Experimental Section
5
Plant Materials and Rhizobium Growth Conditions
In the course of this study, the Soybean cultivar Bragg and its GmNARK mutant nts1007 were employed for a series of experiments encompassing RNA‐seq, gene cloning, expression profiling, and hairy root transformation. Following standardized procedures, the growth of soybean seedlings and Bradyrhizobium (B.) diazoefficiens strain USDA110 was carefully monitored. The seedlings were cultivated in a growth chamber, maintaining a 16 h photoperiod and 8 h dark cycle at 26 °C. For the purpose of RNA‐seq analysis, young seedlings of Bragg and nts1007, harvested 4 days after inoculation (DAI), were inoculated with a B. diazoefficiens strain USDA110 suspension in distilled water (30 mL, OD600 = 0.08).
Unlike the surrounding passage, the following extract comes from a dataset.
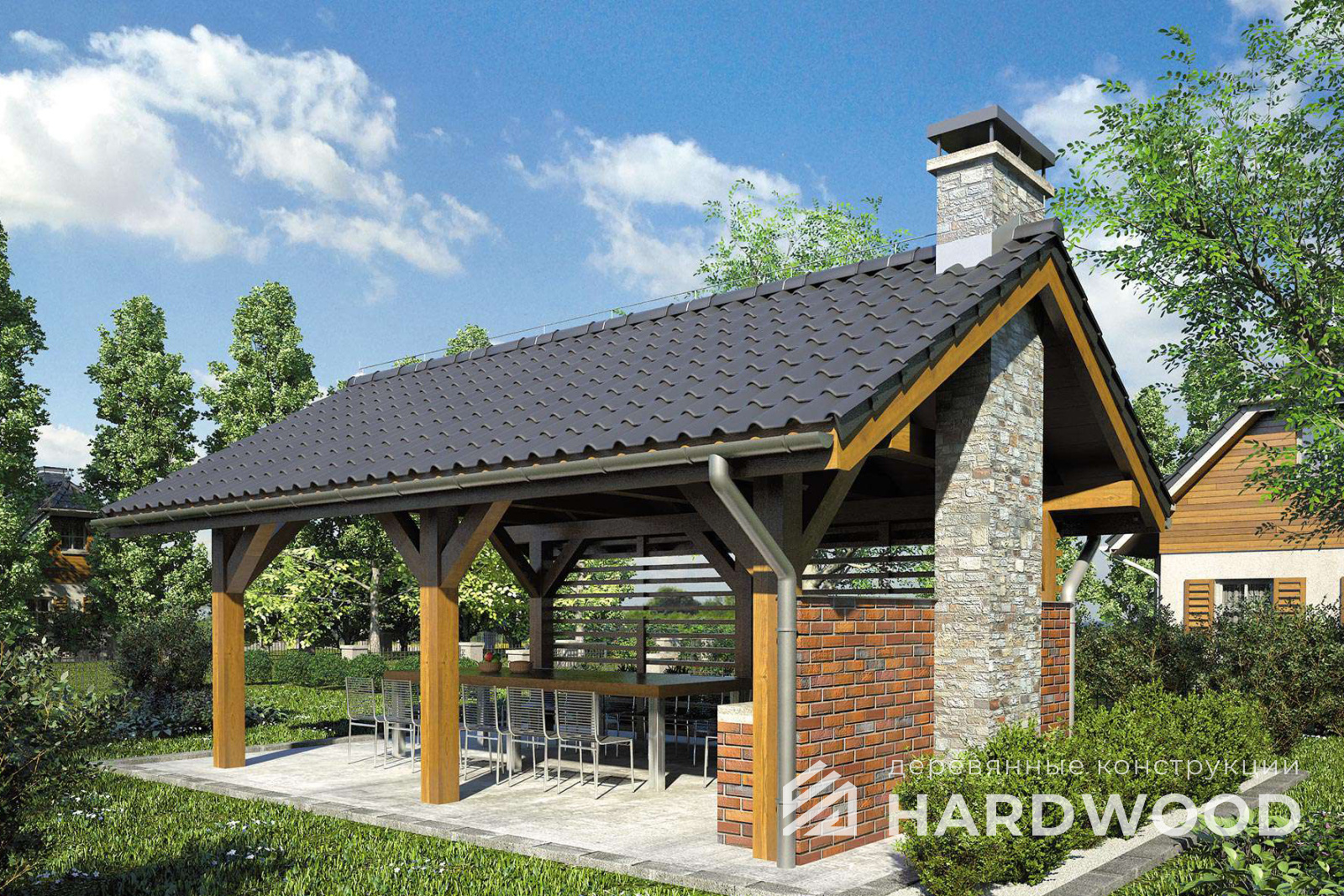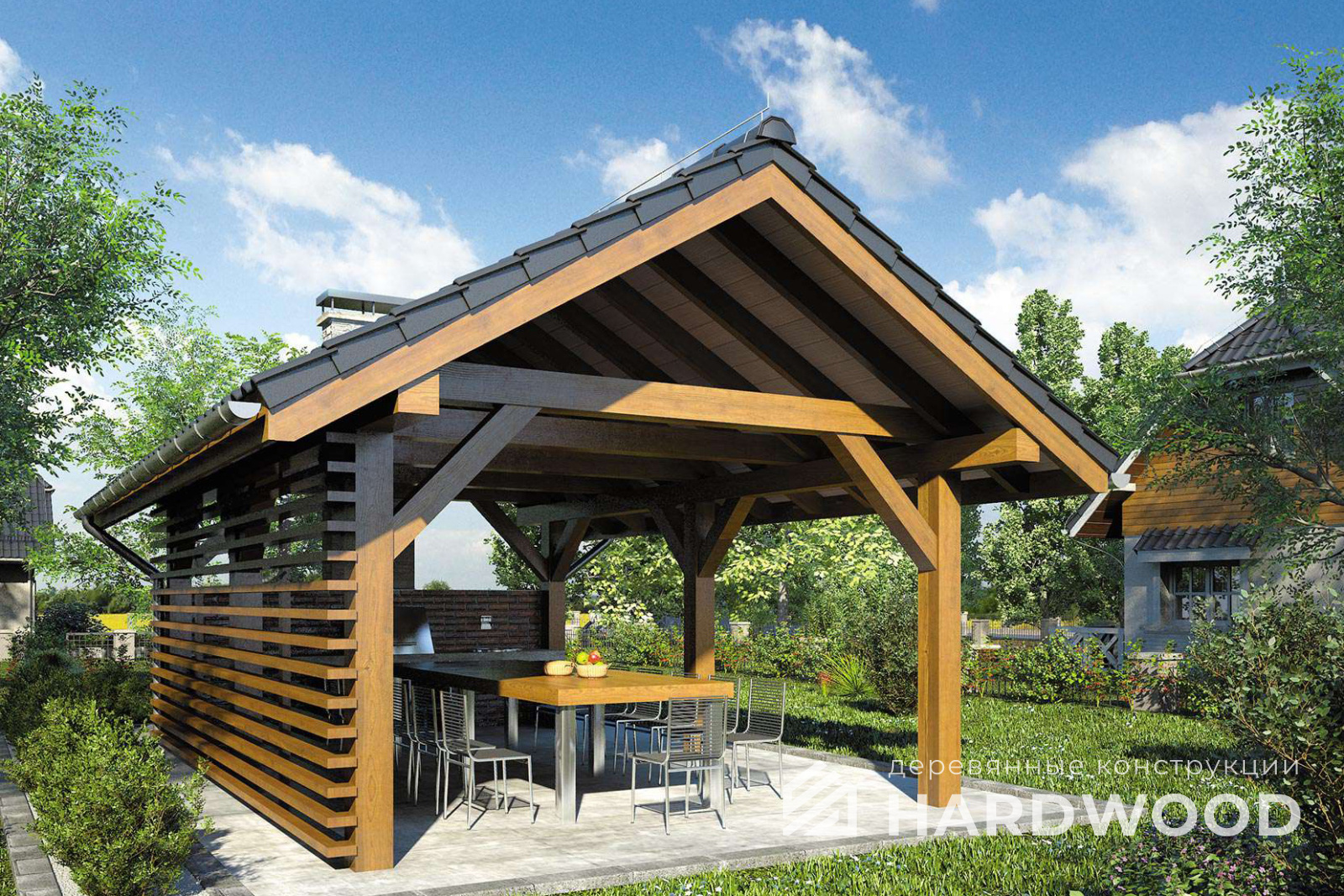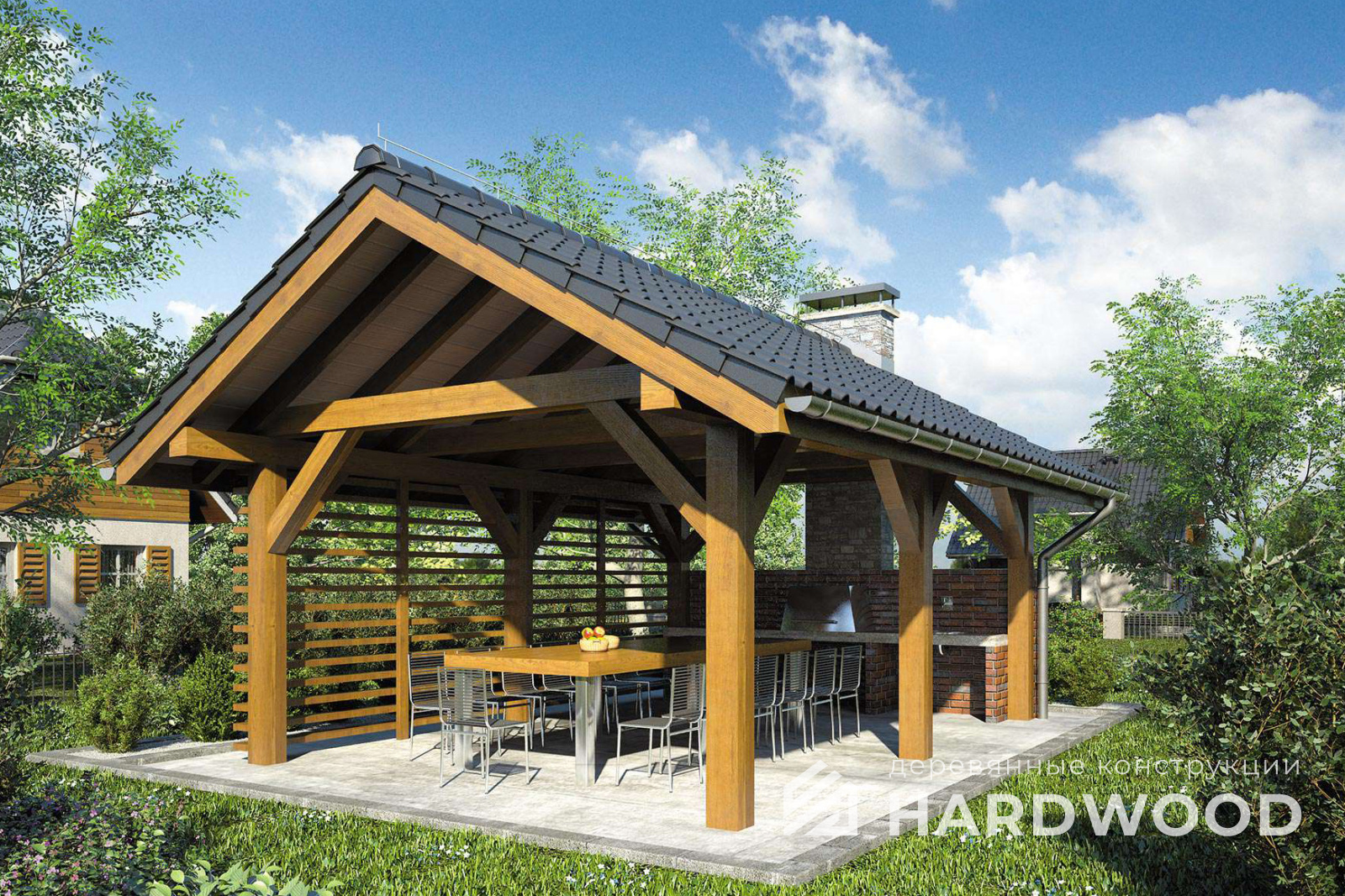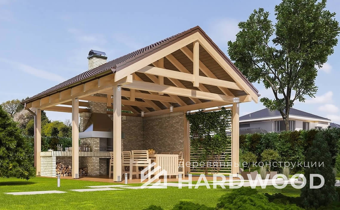 Деревянный навес для барбекю №90

Following this inoculation, plant tissues including leaves, cotyledons, and roots were collected for both RNA‐seq and qRT‐PCR assessments, both in inoculated and non‐inoculated conditions.
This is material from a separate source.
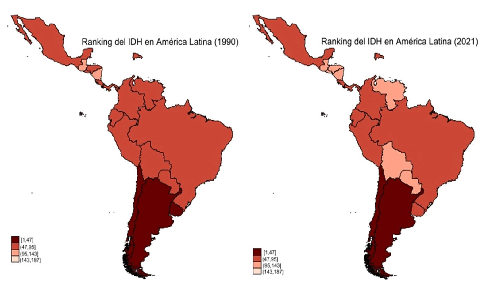 Figura 1 IDH de América Latina en 1990 y en el 2021

RNA Quantification and Qualification
The total quantity and integrity of RNAs were evaluated using the RNA Nano 6000 Assay Kit on the Bioanalyzer 2100 system from Agilent Technologies (CA, USA).
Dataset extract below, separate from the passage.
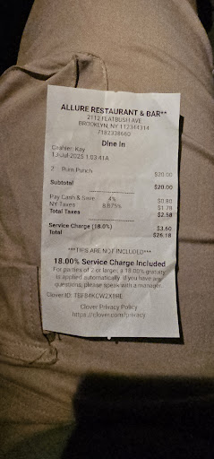 Ā Ā Ā Read moreMe and my friends decided to check out allure after finding it on instagram. It was promoted for $10 drinks hookah and food. When we arrived the place was empty. The bartender and waitress were so sweet and had great customer service. The place was a vibe the music was good, weāre ordering drinks and hookah all throughout the night. The problems started when the owner came in. First off he approached our waitress while we was ordering and reprimanded her for something pulling her away from our table mid order. So unprofessional. Then he proceeded to approach our table while we still had full drinks and hookah and ask are we leaving any time soon. Meanwhile my friend had just ordered food and we had ordered another round of drinks. When my friend asked why he proceeded to state im just asking a question sweetie. It was clear at this point he overbooked tables due to the place starting to get packed and felt like we were there to long so he was rushing us even though we were still spending money. One of my friends politely went to the owner and asked why we was being rushed although we was still ordering. He proceeded to say well yall had 90 minutes( we were never told about a seating lmit) then he said if this was a white establishment yall would of left. After this we did not hesitate to When we received out bill it was almost $400 there were a few errors which Brittany and the bartender quickly fixed. they promote $10 drinks but nothing on the drink menu is $10 you have to ask them what drinks you can have for $10 which was never explained to us. I believe this place has potential and we were really enjoying ourselves. But the owner is so rude, unapproachable and unprofessional i will never return and spend...

Library Preparation for RNA Sequencing
For the preparation of RNA libraries, 2 µg of total RNA per sample served as the starting material. Adhering to the manufacturer's guidelines, strand‐specific libraries were generated utilizing the NEBNext UltraTM RNA Library Prep Kit for Illumina (NEB, USA), and index codes were appended to each sample for sequence attribution. Ribosomal RNA was eliminated from the total RNA, and the resulting rRNA‐depleted residue was purified through ethanol precipitation. Additionally, for the specific purpose of circRNA sequencing, linear RNA was digested using 3 U of RNase R (Epicentre, USA) per µg of RNA. Fragmentation of the RNA was achieved by utilizing divalent cations under elevated temperatures in the NEBNext First Strand Synthesis Reaction Buffer (5X). Subsequently, random hexamer primers and M‐MLV Reverse Transcriptase (RNase H) were employed for the synthesis of the first‐strand cDNA. For the second‐strand cDNA synthesis, DNA Polymerase I and RNase H were used, with dUTP substituted for dTTP. Exonuclease/polymerase activities were then leveraged to convert any remaining overhangs into blunt ends. Following the adenylation of the 3′ ends of the DNA fragments, the NEBNext Adaptor, featuring a hairpin loop structure, was ligated for hybridization.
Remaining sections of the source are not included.